バタフライ


フィンランド映画祭にて観賞。2024年フィンランド、アンナ・ブロトゥキン脚本、イェンニ・トイヴォニエミ監督作品。

監督からのメッセージ映像の「フィンランドのテキサスと言われるセイナヨキに撮影当時とても影響を受けた」にどんな場所かと見ていたら、父ペトリ(ヤニ・ヴォラネン)がガラスの曇った車内に登場するのに始まりカメラが映す範囲は狭く、よく分からない。しかし一大イベントであるタンゴフェスティバルの会場の白い仮設テントの中に、カウリスマキファンなら映画といえば、まで思うSatumaa(『マッチ工場の少女』でレイヨ・タイパレが実際に歌うあの曲)が丸々流れ、タンゴにカラオケ、ユーモアに恋と、映画という狭くも豊かな窓から私が見てきたフィンランドの全てがあり心掴まれた。その後は娘と父それぞれの、あるいは一緒の世界が広がっていく。

主人公シーリ(アクサ・コルッティラ)がドタドタ歩いてくる登場シーンから、いつも抱えているクソでかバッグ(私の仕事鞄も職場一ってくらいでかい)、パスタを食べる低いテーブル、脱ぎ着の厄介なタートルネックと、「堅物でダサい」と自虐する彼女のキャラクターを喜劇調に表す小道具のベタな使い方が楽しい。医者の前で下着姿になるが…ワンピースなので下もパンツになるが…気付かなかったが相手が同級生だったとか、裸に近い体も(男性が主人公の映画のように)コメディ的に見せる。

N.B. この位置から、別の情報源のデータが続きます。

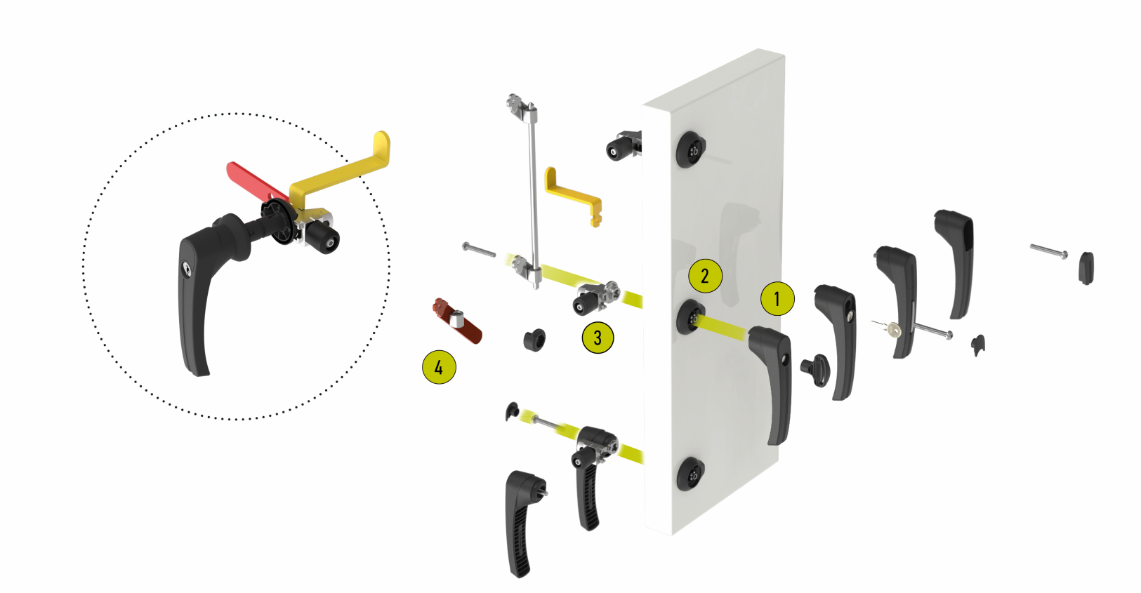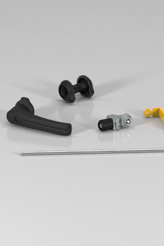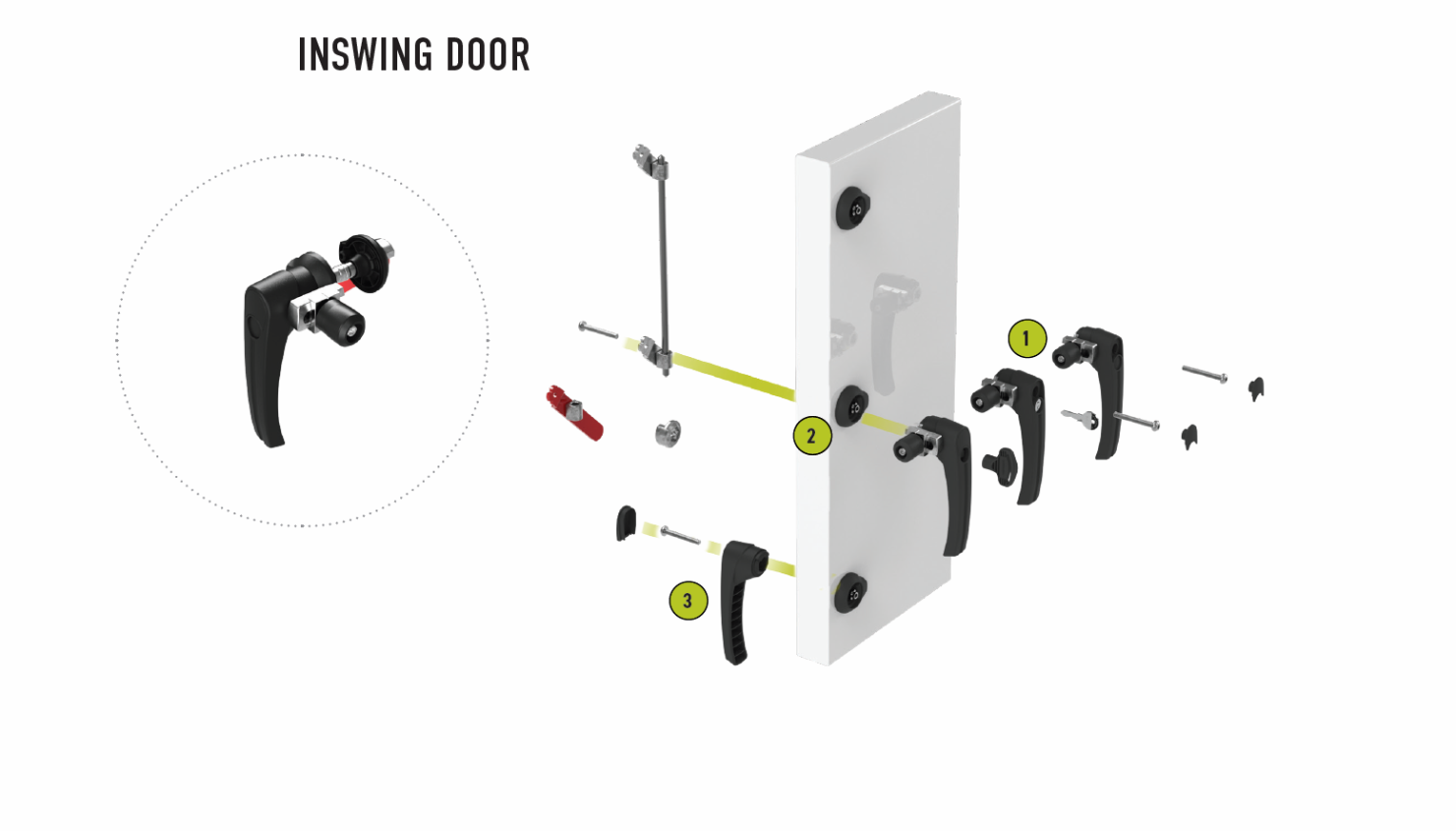 Walk-in HVAC units need an emergency handle installed on the inside of the door. In the Klima-flex 2 system you can combine a safety catch, rod link and/or inside security handle with the inside roller cam. The inside handle can be delivered with or without a fastened rod link.
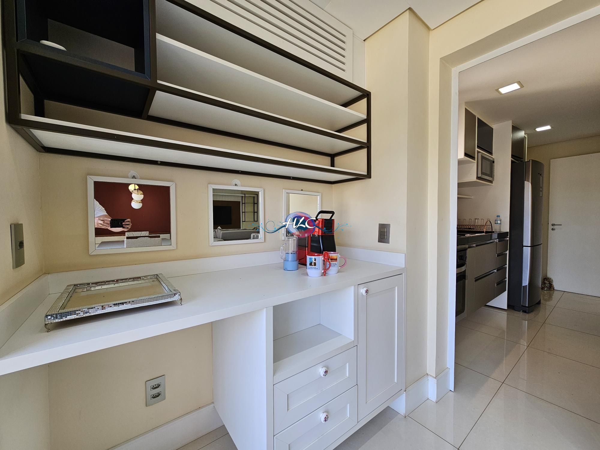 A cozinha é completa e funcional, ao lado da lavanderia e de uma despensa, garantindo total praticidade. Para quem precisa de um espaço para trabalhar, a unidade conta com um pequeno escritório. O conforto térmico é garantido pelo ar condicionado em todos os ambientes.

タイトル「バタフライ」の意味は段階を踏んで分かる。懐かしいその名の曲を二人は車内で歌う(「ソロ」が可笑しい)。それは父の抱いていた娘のイメージであり呼び名だったが、娘の方は嫌がっていた。長い時間の後に再会しぶつかり言いたいことを言い合うと、父がその呼び名を付けた、家を売ってまで買った走れなくなった競走馬はほの明るい原っぱに意図せず放たれるのだった。ロマンティックコメディが運良く気の合う相手と知り合う話なら、これは久しぶりに会ってみれば父親こそ一緒にいて一番リラックスできる同志だったという話なんである(性的要素は勿論ゼロというかマイナス)。案外こういう映画ってないから面白く見たし、どこへ向かっているか分からない道をゆくラストシーンもいいと思った。